CLICK HERE!!!

- anonymous

CLICK HERE!!!

- Stacey Warren - Expert brainly.com

Hey! We 've verified this expert answer for you, click below to unlock the details :)

At vero eos et accusamus et iusto odio dignissimos ducimus qui blanditiis praesentium voluptatum deleniti atque corrupti quos dolores et quas molestias excepturi sint occaecati cupiditate non provident, similique sunt in culpa qui officia deserunt mollitia animi, id est laborum et dolorum fuga. Et harum quidem rerum facilis est et expedita distinctio. Nam libero tempore, cum soluta nobis est eligendi optio cumque nihil impedit quo minus id quod maxime placeat facere possimus, omnis voluptas assumenda est, omnis dolor repellendus. Itaque earum rerum hic tenetur a sapiente delectus, ut aut reiciendis voluptatibus maiores alias consequatur aut perferendis doloribus asperiores repellat.

- jamiebookeater

I got my questions answered at brainly.com in under 10 minutes. Go to brainly.com now for free help!

- anonymous

@ShotGunGirl

- anonymous

DO you have any idea

- anonymous

Not not really.
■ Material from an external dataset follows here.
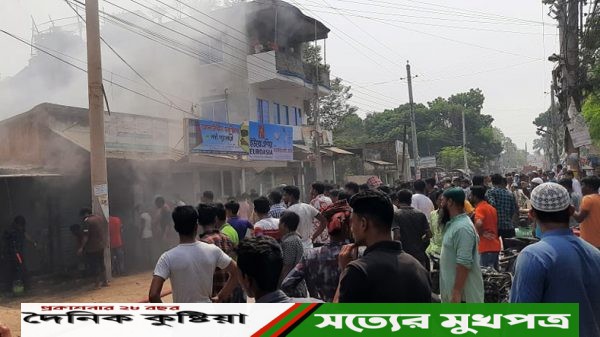 জহির রায়হান সোহাগ, চুয়াডাঙ্গা/ চুয়াডাঙ্গার আলমডাঙ্গায় আগুনে পুড়ে গেছে তিনটি ব্যবসা প্রতিষ্ঠানের জিনিসপত্র। এতে ৪ লক্ষাধিক টাকার ক্ষয়ক্ষতি হয়েছে বলে জানিয়েছেন সংশ্লিষ্ট প্রতিষ্ঠানের মালিকরা। মঙ্গলবার দুপুর ২টার দিকে আলমডাঙ্গা উপজেলা
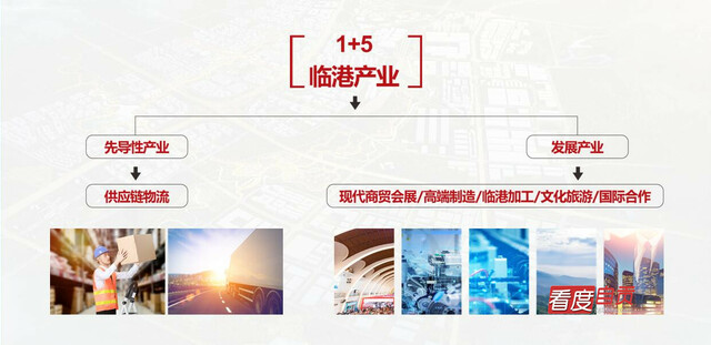 按照“港、产、城”融合发展理念,重点在西南(自贡)国际陆港布局“1+5”临港产业。“1”是供应链与物流;“5”是现代商贸会展、高端制造、临港加工、文化旅游、国际合作等主导产业。港区按“一核八区”划分,“一核”是港口功能(作业)核心区,“八区”是综合保税区、临港商贸区、临港加工区、国际文旅发展区、临港总部区、产城融合区、智能公路港区、散货物流区等八大片区。

I stink at this stuff. Sorry :(

Looking for something else?

Not the answer you are looking for? Search for more explanations.

## More answers

- anonymous

oh ok

- anonymous

@Rainbowpower

- anonymous

Do you know?

- anonymous

yep hold on im working the problem out :)

- anonymous

Factoring polynomials never goes away. You have to factor numerator and denominator. x^3+x^2-4x-4 can be factored "by grouping" as X^3+x^2-4x-4=(x^3-4x)+(x^2-4)+(x^2-4)=(x+1)*(x^2-4) It can be factored further because the difference of squares x^2-4=x^2-2^2 factors as (x-2)*(x+2) x^2+2x-3=(x+3)*(x-1)

- anonymous

putting it all together:

##### 1 Attachment

- anonymous

oh and the function is not defined (it does not exist) for x=1 and for x=-3 because the denominator is zero for those values of x .

- anonymous

Hope this helps :) have a colorful day

- anonymous

@lala2

- anonymous

Sorry my computer wasnt working

- anonymous

so would the answer be x=1 and x=-3

- anonymous

@Rainbowpower ??

- radar

x=1 and x=-3 would result in a division by zero, and as you know that is a "no-no" and would result in a discontinuity.

- radar

Yes, that is what the problem is seeking.

- anonymous

so that is the answer

- anonymous

And what about this one Describe the vertical asymptote and hole for the graph of x^2+x-6/ x^2-9

- anonymous

@radar ??

- anonymous

????

- radar

a division by zero would occur a x=3

- anonymous

so is it x=3 and x=-3

- radar

I am not sure what occurs when x=-3 but x=3 and x=-3 is probably your best choice.

- anonymous

oh ok thanks... you know that question i sent you

- anonymous

and you asked if there was a slope

- anonymous

here is the graph

- radar

|dw:1360084607949:dw|

- anonymous

##### 1 Attachment

- anonymous

what is that...

- anonymous

did you get the graph

- anonymous

@radar ?

- radar

I believe the 3rd choice may be the best, still not sure about the

- anonymous

about what?

- radar

about the x = -3

- anonymous

oh ok... and what about the question with the graph

- radar

I also don't know the answer to the link graph. Not too much help today.

- radar

Regarding the graph, you do have a y intercept at x=-3. It is a function as a vertical line will not intercept the y values twice. It is a non-linear function.

- radar

It is a direct variation y=3x

- anonymous

it want me to write an equation

- anonymous

its asking for an equation

- radar

and I provided one for you. y=3x

- radar

I gotta run for now (lunch)

- anonymous

oh ok thanks!

Looking for something else?

Not the answer you are looking for? Search for more explanations.